На лице Майи отразилось изумление, покачав головой, она хотела было что-то возразить, но тетя поспешила добавить:
– Тебя поймут! Пока ты носишь траур и не устраиваешь пир на весь мир, все остается в рамках приличий.
– Было бы здорово поехать в Италию, – немного подумав, пробормотала Майя, – уверена, Джоне там тоже понравится.
– Италия? Прошлый век! Туда теперь никто не ездит! Я недавно читала в журнале… Где же это было? В «Иллюстрейтед Лондон ньюс»? Нет, точно не в нем… Но где же… Господи, память действительно меня подводит. Хорошо бы поехать с тобой, возраст постепенно дает о себе знать! Я чувствую, как ноют суставы, а до зимы еще далеко… Я говорю о Каире.
– Каире?
Тетю Элизабет не смутил растерянный взгляд Майи, тем более что она заметила искорки интереса в ее глазах.

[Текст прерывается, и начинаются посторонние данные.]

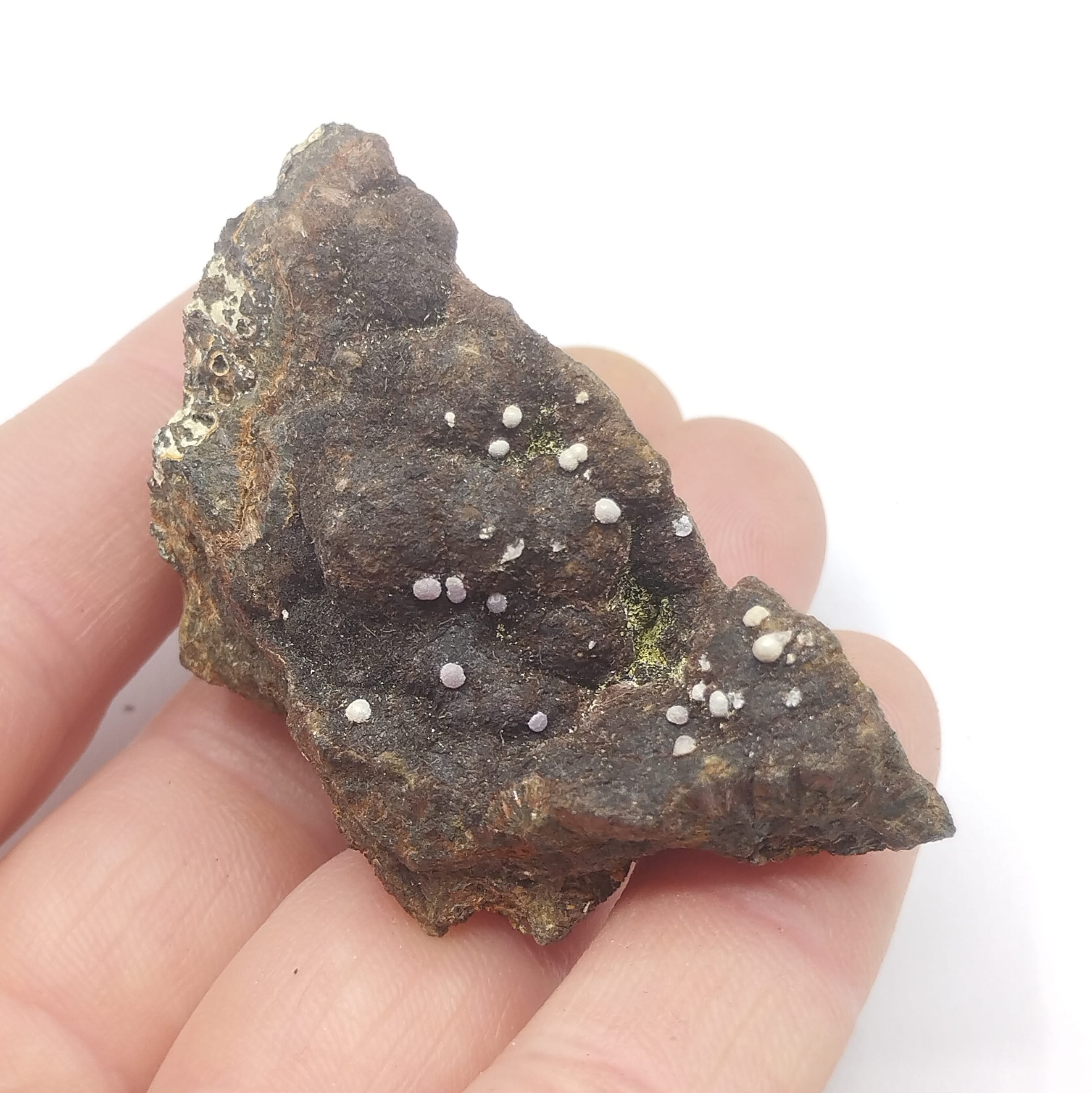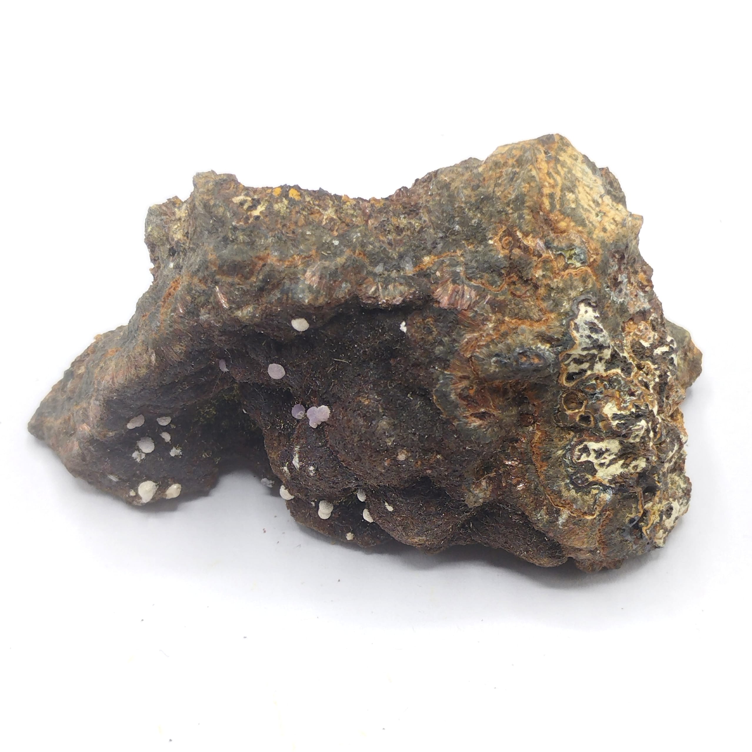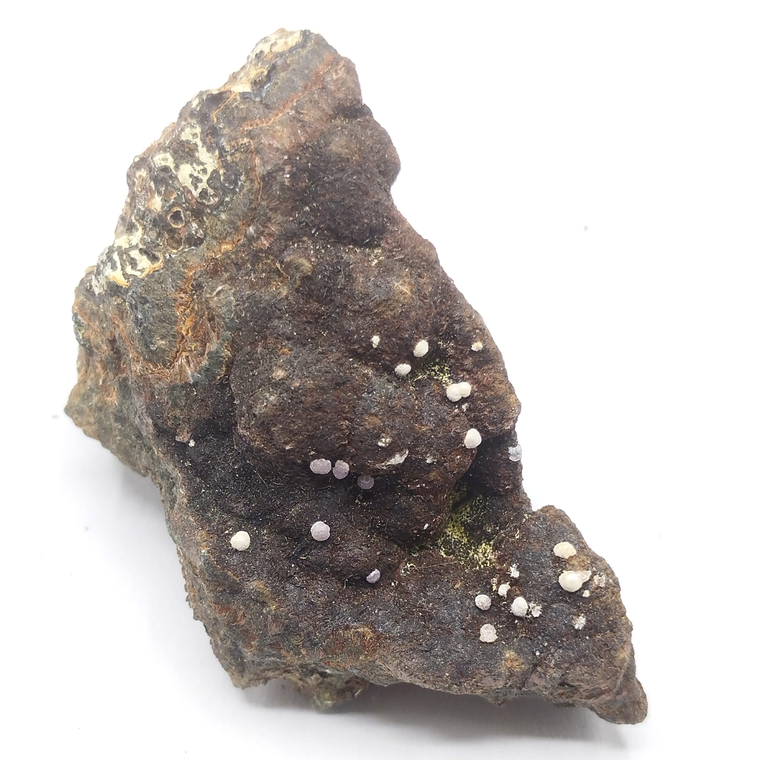 Sphères blanches de cristaux aciculaires de churchite (riche en Yttrium) sur une matrice de limonite/goethite en association avec de la béraunite (rouge?) en provenance de l’Alabama aux USA.

– Именно, о Каире. Ты ведь любишь арабский мир, правда? А Каир сейчас переживает бурный подъем. Строительство Суэцкого канала – решенное дело. Вот увидишь, через несколько лет Каир станет метрополией Средиземноморья! Светской, как современный Париж!
Энтузиазм тети вызвал у Майи улыбку. Но она покачала головой.
– Я не могу себе такого позволить. У меня же ничего нет.
– Но тебе как вдове полагается небольшая пенсия? – Майя хотела что-то возразить, но тетя Элизабет не позволила себя перебить. – Да-да, я читала, что написала тебе персона из Глостершира. Но этого у нее не выйдет – армии все равно, был ли ваш брак счастливым. Вдова – значит, вдова, и помешанная свекровь ничего не изменит.
– Но мне неприятно…
– Об этом даже не думай! Да, ты не святая, но и Ральф был ничем не лучше! За все дни несчастливого брака ты точно заслужила эти несколько фунтов! К тому же в последнее время меня частенько посещают сомнения, что я хочу провести остаток дней в Бате. Город уже совсем не тот! За дом я получу кругленькую сумму. Или хотя бы достойную арендную плату… Ах, совсем забыла…
Она порылась в ридикюле и отыскала открытый почтовый конверт.
– Посмотри, пожалуйста.
Нахмурив лоб, Майя взяла у нее письмо.
– Кто же это пишет на мою девичью фамилию на твой адрес?